Best alcoholic drink – Tiger Soju
Tiger Soju solidified itself as a favourite go-to beverage for casual drinking in 2024.
PHOTO: TIGER
Local beer brand Tiger Beer launched Tiger Soju – which mixes beer and soju, a grain-distilled spirit from South Korea, in a handy ready-to-drink can – in 2023.
But it was during 2024’s many heatwaves that Tiger Soju solidified itself as a favourite go-to beverage for casual drinking, especially after the newest flavour, mango, entered the fray.
Best dessert – tiramisu from Pete’s Place
Tiramisu from Pete's Place.
PHOTO: GRAND HYATT SINGAPORE
What can be said about Pete’s Place’s tiramisu that has not already been said? Shall I describe once again the sabayon base of organic egg yolks, sugar and white amaretto? Or tell of its delicate taste and creamy luxuriance?
Google reviews have dubbed it “divine”, “worth every single calorie” and – the highest possible compliment in Singaporean food terms – “must try”. For a restaurant so rooted in nostalgia, it is a triumph that Pugliese chef Salvatore Giorgio Catania, who took over the reins following the restaurant’s revamp, has crafted a recipe that holds up even under the glare of comparison.
Best bread – croissant from Ami Patisserie
The croissant from Ami Patisserie has whirls of buttery lightness enclosed in a crisp exterior.
PHOTO: AMI PATISSERIE
Restaurants have ramped up their bread game, new bakeries and cafes offering serious bread spring up all the time. But the best bread of 2024 is the croissant from Ami Patisserie in Scotts Road, which Japanese pastry chef Makoto Arami, 36, opened in January after operating as an online business.
Apart from the eight-seat Tsudoi Dining Room, where he offers a tasting menu, the place also has a 12-seat patisserie-cafe, with pastries, tarts and his signature choux puffs. His heavenly croissants ($6.80 each) are available there for dine-in or takeaway.
Best snack – FairPrice Roasted Corn Cashews
FairPrice's Roasted Corn Cashews has an intense corn flavour and is not overwhelmingly salty.
ST PHOTO: JASON QUAH
Supermarket chains have been trotting out housebrand snacks at a fast clip, knowing how often people here get the attack of the munchies.
Some of these offerings are worth the calories.

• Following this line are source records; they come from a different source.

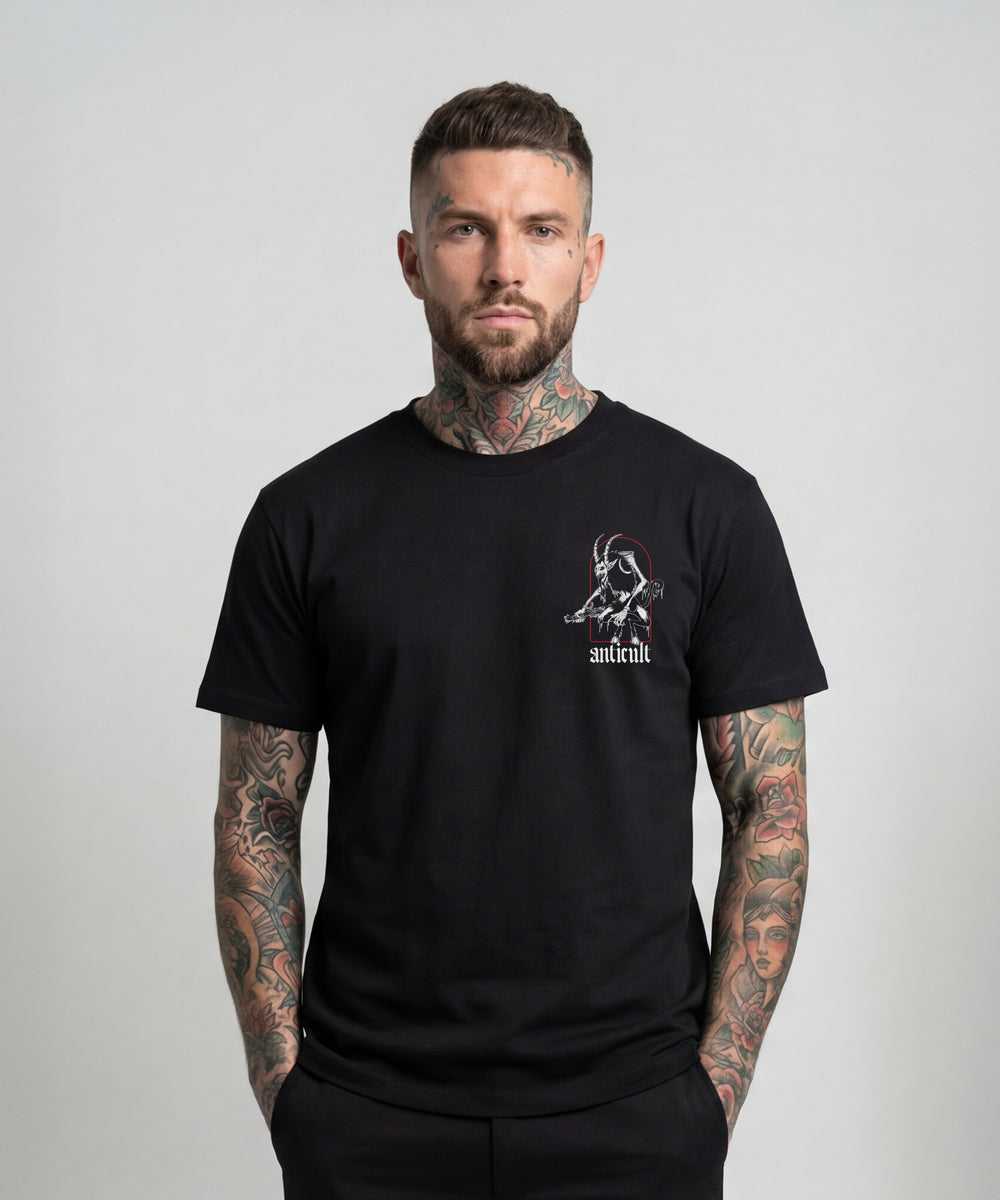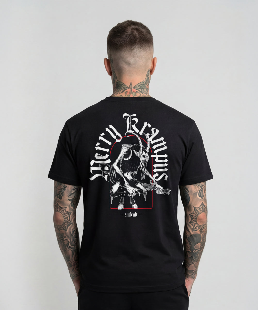 Das ANTICULT „Merry Krampus“ Shirt ist das Gegenteil von besinnlich. Handgezeichnetes Krampus-Artwork, klare Linien, starker Kontrast. Kein Weihnachtskitsch, kein Nikolaus-Gelaber. Einfach düsteres Streetwear-Zeug für die kalte Jahreszeit.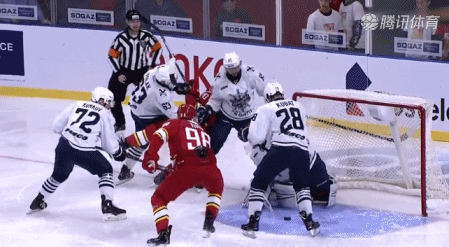 41分56秒的时候,海军上将门前陷入混乱,帕罗拉和骆嘉的射门均被挡出,英如镝嗅觉敏锐,捕捉战机的能力超强,他把握住机会,得球后直接一杆打门球进,这是他个人在KHL的首个进球,这也是中国冰球的骄傲和突破。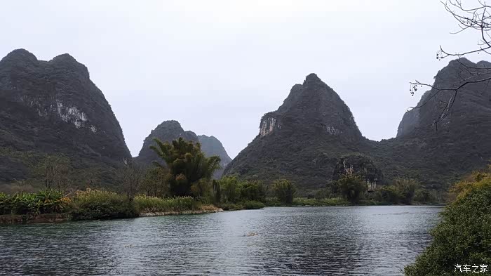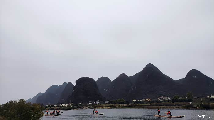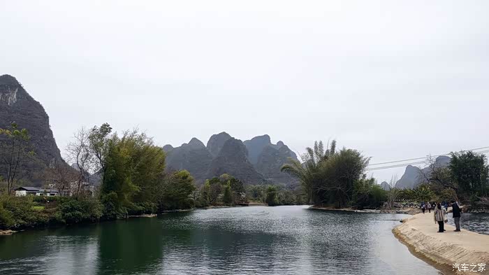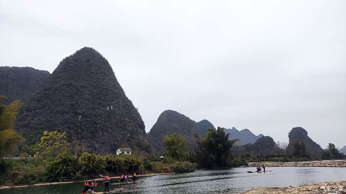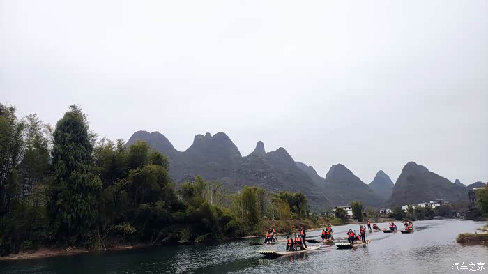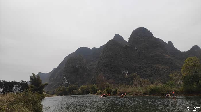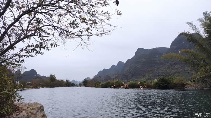 按照网上通用的阳朔玩法是自驾到码头坐竹筏漂流,再坐10元的接驳车返回码头取车,再租小电动车游览十里画廊。而我的游法比较特殊,我自驾去码头准备漂流,走之前跟酒店老板咨询各地的收费情况,老板说今天寒流来了,漂流和租小电动都会非常冷,正好冬天十里画廊里可以开车进入了,你就把钱省了,直接开车,喜欢哪里就停下拍拍照,好好滴。原来还可以这样玩?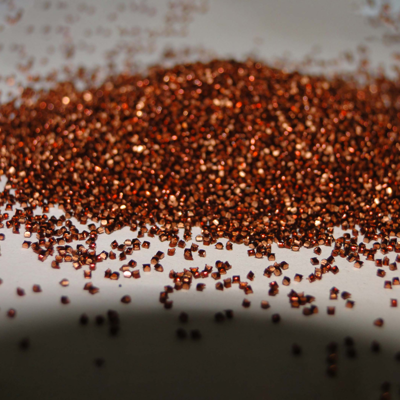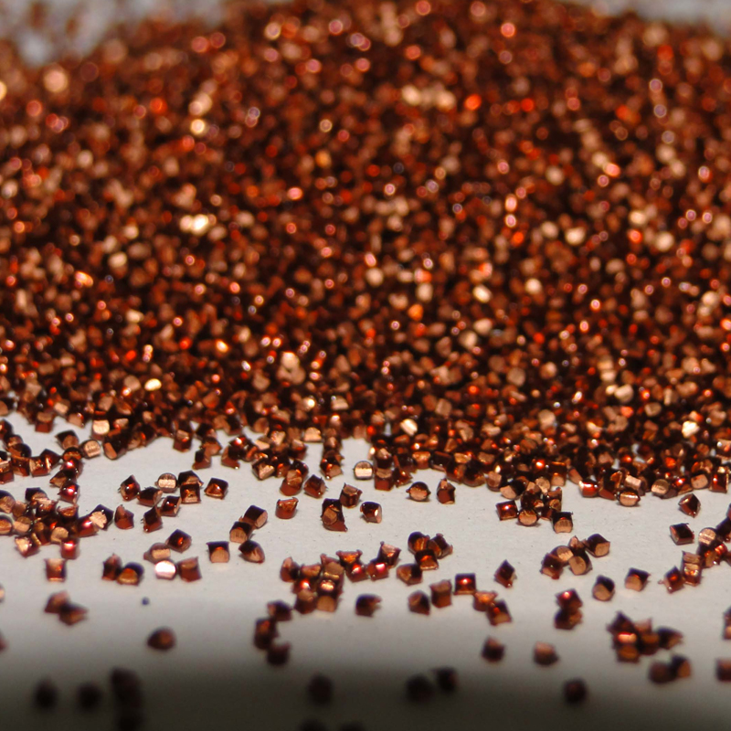 Подобно цинковому абразиву, он может подвергаться пескоструйной обработке без истирания поверхности изделия, а цвет обработанного изделия - медно-коричневый.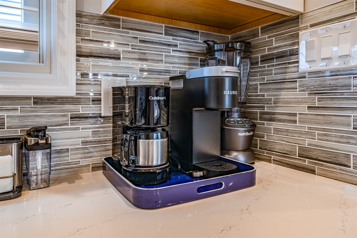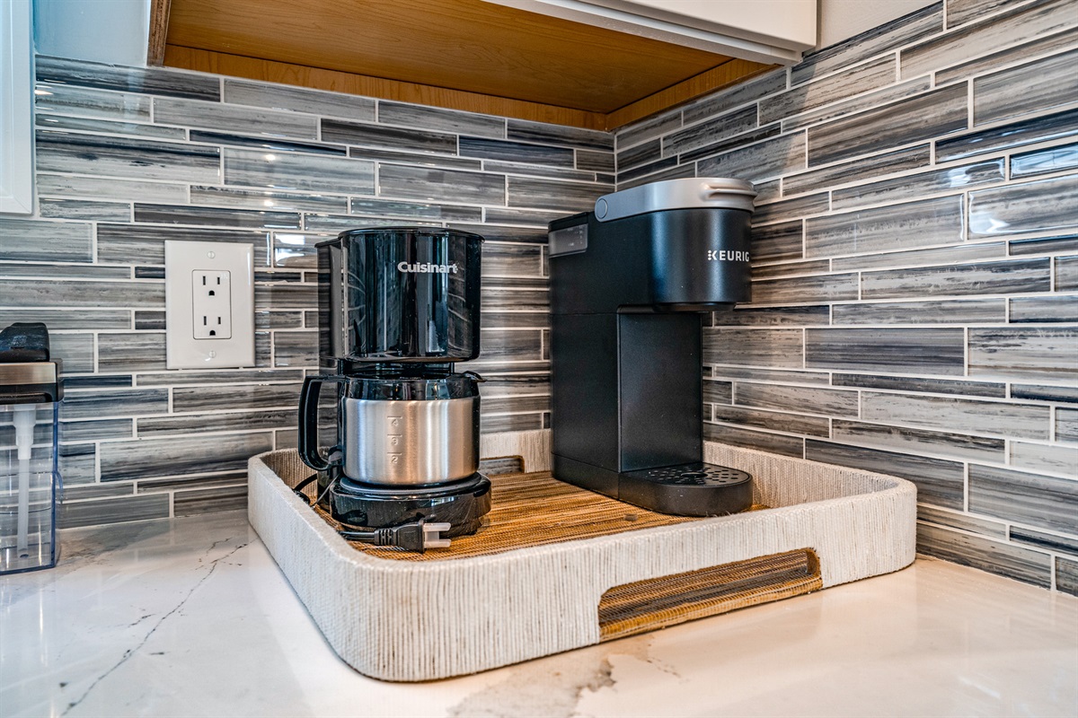 Coffee essentials (coffee pods, sugar, creamer, and stirrers)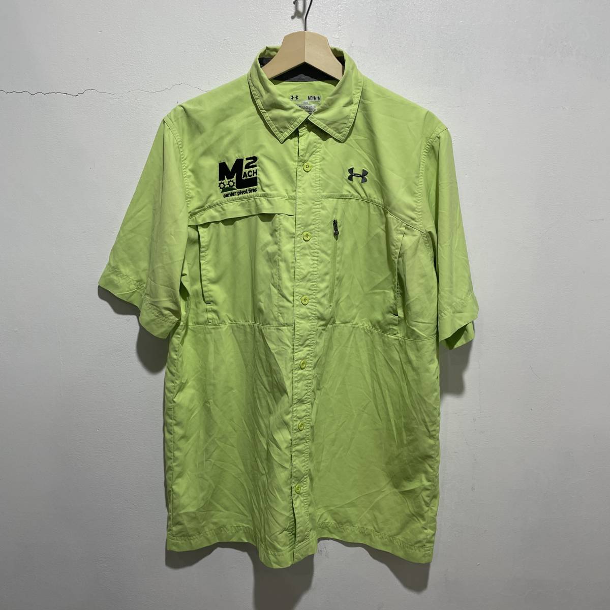 - ☆送料無料☆UNDER ARMOUR☆アンダーアーマー☆ヒートギア☆半袖ボタンダウンシャツ☆グリーン系☆e22c

Case in point: FairPrice’s Roasted Corn Cashews ($4.90 for a 100g bag). It was launched in October, together with Fried Chicken Cashews ($4.90 for a 100g bag).
Best ingredient – lion’s mane mushrooms
Bewilder Farm's lion mane mushrooms. The fungi is versatile and can be braised, stir-fried or coated with sauce.
ST PHOTO: AZMI ATHNI
Braised, stir-fried, deep-fried and coated with sweet and sour sauce, served with pasta, made into rendang – lion’s mane mushrooms, which look like snow white pom-poms, have been appearing on restaurant menus.
An online search for information on the fungi will throw up lists of health benefits. But the most compelling reasons to eat them are these: Their dense texture is satisfying to bite into; their mild flavour makes them adaptable to dishes from every cuisine; and they are grown in Singapore, so the farm-to-table journey is very short.
Best food TV show – Culinary Class Wars on Netflix
Culinary Class Wars, a South Korean cooking competition show, pitted White Spoon chefs from well-known restaurants against a scrappy group of Black Spoon chefs.
PHOTO: NETFLIX
The year saw a long menu of options: Chefs Uncut, Somebody Feed Phil 7, Chef’s Table 7, Chef’s Table: Noodles and The Great British Bake Off 15, but none as riveting as Culinary Class Wars.
The South Korean cooking competition pitted a group of 20 White Spoon chefs from well-known restaurants against a scrappy, rag-tag, sometimes chicken-suited group of 80 Black Spoon chefs.
Elimination by judges Paik Jong-won, a restaurateur and celebrity chef, and Ahn Sung-jae of three-Michelin-starred Mosu in Seoul was swift and – in the case of chef Ahn – ruthless. He expelled one contestant in the first round for not serving rice with her dish.